----- EXTRACTED MATERIAL

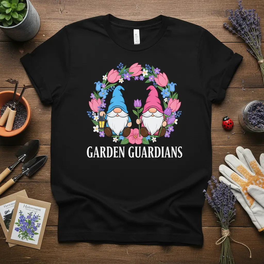 Embrace your passion for plants and bring a touch of magic to your wardrobe with the **GARDEN GUARDIANS** T-Shirt. This unique design features two adorable gnomes nestled within a vibrant floral wreath, symbolizing the protectors of every blooming space. It’s more than just apparel; it’s a statement piece for anyone who finds joy and peace among their flowers and greenery. This shirt is perfect for casual wear, gardening sessions, or as a thoughtful gift for the green-thumbed individual in your life. Let your love for gardening shine through with this charming and eye-catching design that celebrates nature’s beauty.
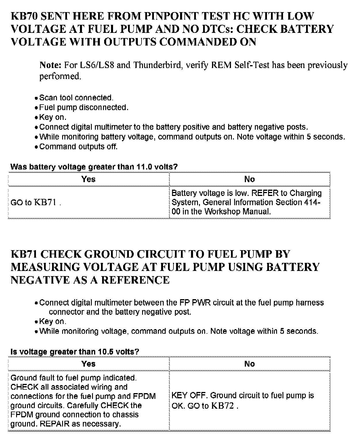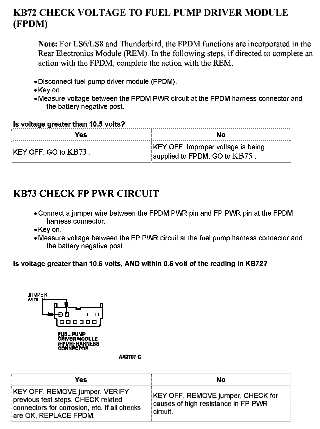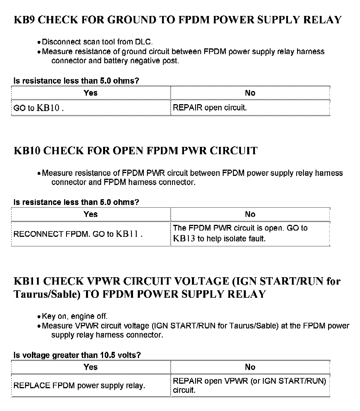 Tests KB: Fuel Pump Driver Module (FPDM)
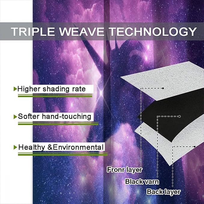 Unicorn Curtains Children's Cartoon Starry Sky Theme Unicorn Pattern Curtains Star Galaxy Boys Girls Room Blackout Curtains 63x63 Inch 2 Panels
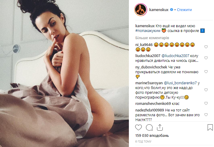 На сфото Настя запечатлена обнаженной, сидящей в постели, прикрываясь одеялом.  Вероятно, таким образом певица решила еще раз привлечь внимание к недавно вышедшему клипу на песню "Попа как у Ким". Ссылку на него звезда оставила в комментарии к снимку.
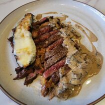 Black Angus beef ribeye, egg plant gratin

----------

» REQUIRED WORK
Because only the text is wanted, copy each record above precisely and omit its pictures.

» COMPLETED EXERCISE
 Embrace your passion for plants and bring a touch of magic to your wardrobe with the **GARDEN GUARDIANS** T-Shirt. This unique design features two adorable gnomes nestled within a vibrant floral wreath, symbolizing the protectors of every blooming space. It’s more than just apparel; it’s a statement piece for anyone who finds joy and peace among their flowers and greenery. This shirt is perfect for casual wear, gardening sessions, or as a thoughtful gift for the green-thumbed individual in your life. Let your love for gardening shine through with this charming and eye-catching design that celebrates nature’s beauty.
 Tests KB: Fuel Pump Driver Module (FPDM)
 Unicorn Curtains Children's Cartoon Starry Sky Theme Unicorn Pattern Curtains Star Galaxy Boys Girls Room Blackout Curtains 63x63 Inch 2 Panels
 На сфото Настя запечатлена обнаженной, сидящей в постели, прикрываясь одеялом.  Вероятно, таким образом певица решила еще раз привлечь внимание к недавно вышедшему клипу на песню "Попа как у Ким". Ссылку на него звезда оставила в комментарии к снимку.
 Black Angus beef ribeye, egg plant gratin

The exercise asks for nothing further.